When asked whether the police are called more frequently to one residence than the other, Ferguson said, “They seem about the same…based on both anecdotal and actual statistics, it doesn’t really seem to be the case that one is louder than the other, or has more parties than the other.”

A self-fulfilling prophecy?

Ferguson suggests that the myths surrounding Totem are what continue to shape people’s beliefs about the residence.

“Sometimes we wonder if it’s a bit of a self-fulfilling prophecy, like someone from the year before says, ‘Oh, you’re living in Totem, it’s such a party residence, if you wanted it to be quiet you should live in Vanier, if you want it to be loud or party you should live in Totem.’”

UBC psychology professor and Canada Research Chair of Social Psychology Toni Schmader agrees that this is a legitimate explanation of this phenomenon, and offers a more detailed explanation for why Totem’s reputation might carry some weight.

“On one hand, you create a self-selecting sample. Students who want to party in residence will put down the residence with the reputation for partying as their first preference when applying to residence…you will also have students facing normative pressures…so that students who don’t normally party may feel like they have to live up to an expectation.”

Whether or not Totem’s reputation is grounded in fact, it remains acknowledged both by students and Residence Life staff. And despite UBC’s best efforts to dismiss this myth, Drunen’s claim that Vanier RAs were told to direct rowdy parties to Totem suggests that the expectations surrounding Totem have influenced the attitudes of even UBC Residence Life staff, whether based in policy or not.

Taking into consideration the conclusions of psychology experiments which show how expectations shape behavior, it seems the UBC Housing will be hard-pressed to find a way to repress this myth without first addressing underlying perceptions inherent in its own system. As long as both students and Residence Life staff are aware of this reputation and believe it to have some validity, students will be influenced to behave in a manner that perpetuates Totem’s reputation.

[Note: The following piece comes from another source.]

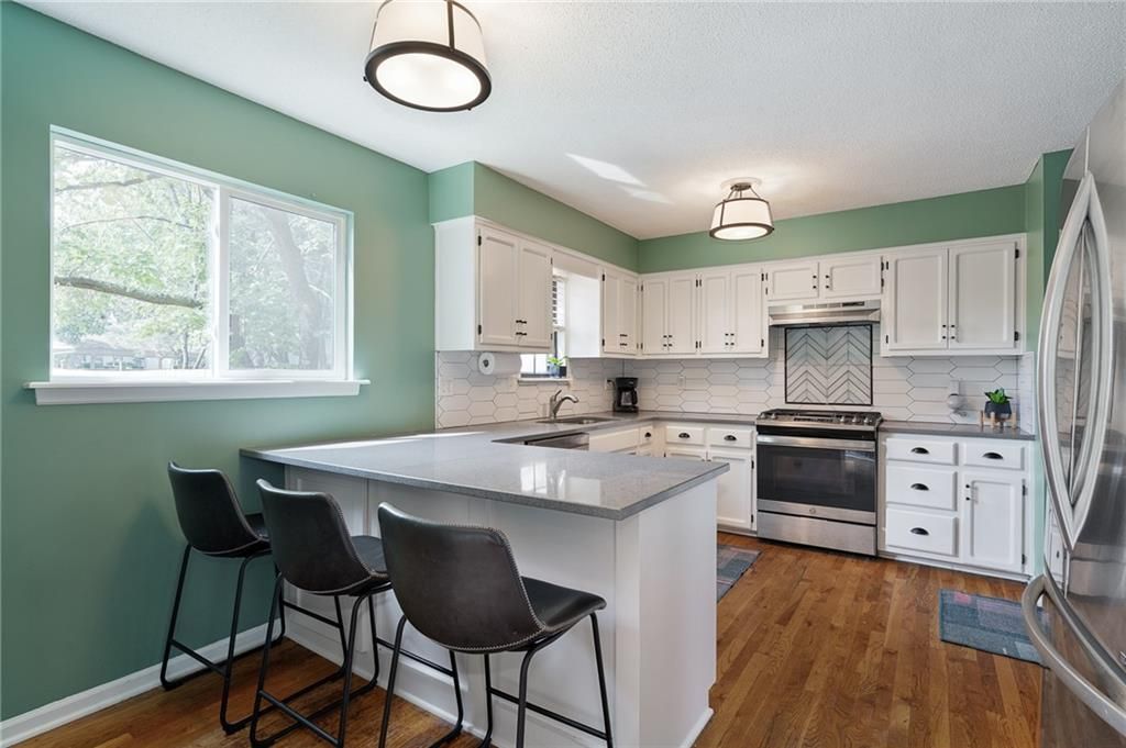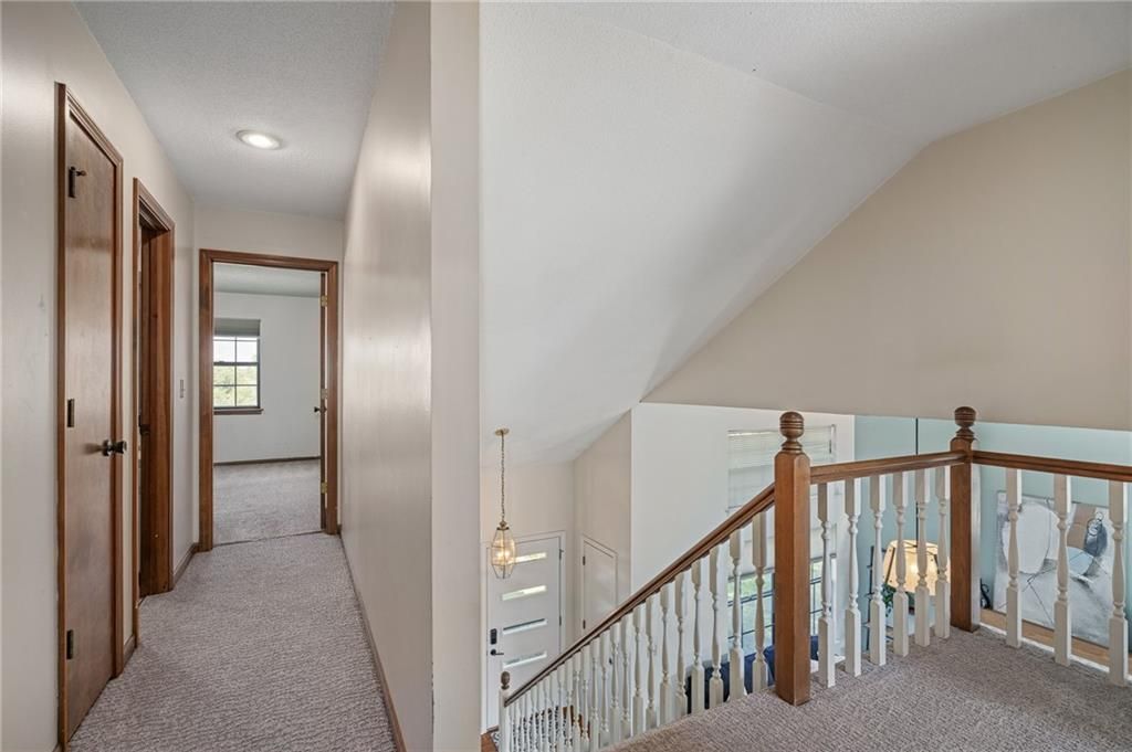 Welcome home to this modern and comfortable duplex townhome - primely situated in the Blue Valley School District with great access to shopping, dining and highways. Beautifully updated kitchen (2021) features loads of quartz countertop, modern backsplash, stainless steel appliances including gas range/oven, eat-in peninsula, tons of storage and pull-out trash/recycling. Washer/dryer closet off the kitchen. Hardwood floors in kitchen flows into the formal dining space. Large living room space features brand new carpeting, updated gas fireplace and soaring ceilings - large windows provide plenty of natural light. Upstairs features three good-sized bedroom spaces. Primary bedroom (11x12) includes a 3 piece en suite updated (2021) with new tile shower surround and modern frameless glass shower doors. Full bath in hallway has new flooring and tub surround. 2 nd bedroom (11x10) at front of the house. 3 rd bedroom (11x9) is currently used as home office. Brand new fence surrounds backyard with patio and plenty of room for dogs and kids to play. Refreshed landscaping. HOA takes care of mowing and provides trash/recycling service. HVAC purchased in 2016 includes a maintenance service contract with AB May. Single car garage space with built-in storage shelving. Unfinished basement space has plenty of room for storage or workroom and potential to finish for additional living space.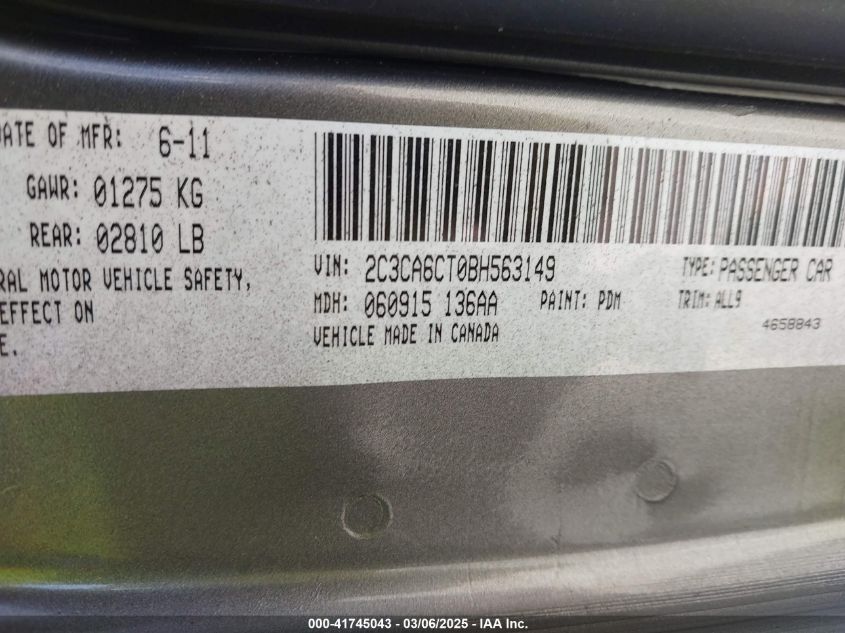 Color GrayCylinders 8Drive Rear wheel driveVIN 2C3CA6CT0BH******State Run & Drive VerifiedDamage Front rightAuction date 2025-03-25 AutoRIA

How do labels influence our behaviour?

From 1968 to 1971, Iowan elementary school teacher Jane Elliot conducted a series of psychological exercises on her pupils to impress upon them the injustice of racial discrimination. Placing the brown-eyed students at a disadvantaged position in the class, Elliot stated that these students were inferior to blue-eyed students, who were more academically competent, well-mannered and capable of success.

Within a day, the effects of these labels became visible both in the students’ physical appearance and academic performance. Brown-eyed students began to look increasingly disheveled. Arithmetic scores and vocabulary scores showed that the blue-eyed students were performing both above the average and above their own previously measured capabilities. Test scores also revealed that the previously measured aptitudes of the brown-eyed children had deteriorated within a day of starting the experiment.

Elliot later reversed the roles of the children, placing blue-eyed children in the disadvantaged position, and found again that the children’s performance levels correlated with the labels and expectations set about them. The conclusion was that setting expectations about a group of individuals does influence change in their behavior.

Expectations also play a part

In 1978 Snyder and Swann conducted a study that demonstrated how expectations can create self-fulfilling prophecies in people’s behavior. When participants were led to believe that they would be interacting with an extrovert, they tended to ask that person different kinds of questions that made him or her come off looking more extroverted than they actually were.

Their findings could partially explain the mythology surrounding Totem. When a person learns you live in a residence with a reputation for partying, they might ask you more questions about your social life. As a result, you end up discussing your partying experiences, reinforcing the reputation of the residence. If that same person learns you live in a residence without that reputation, they might ask more questions about your academic pursuits instead.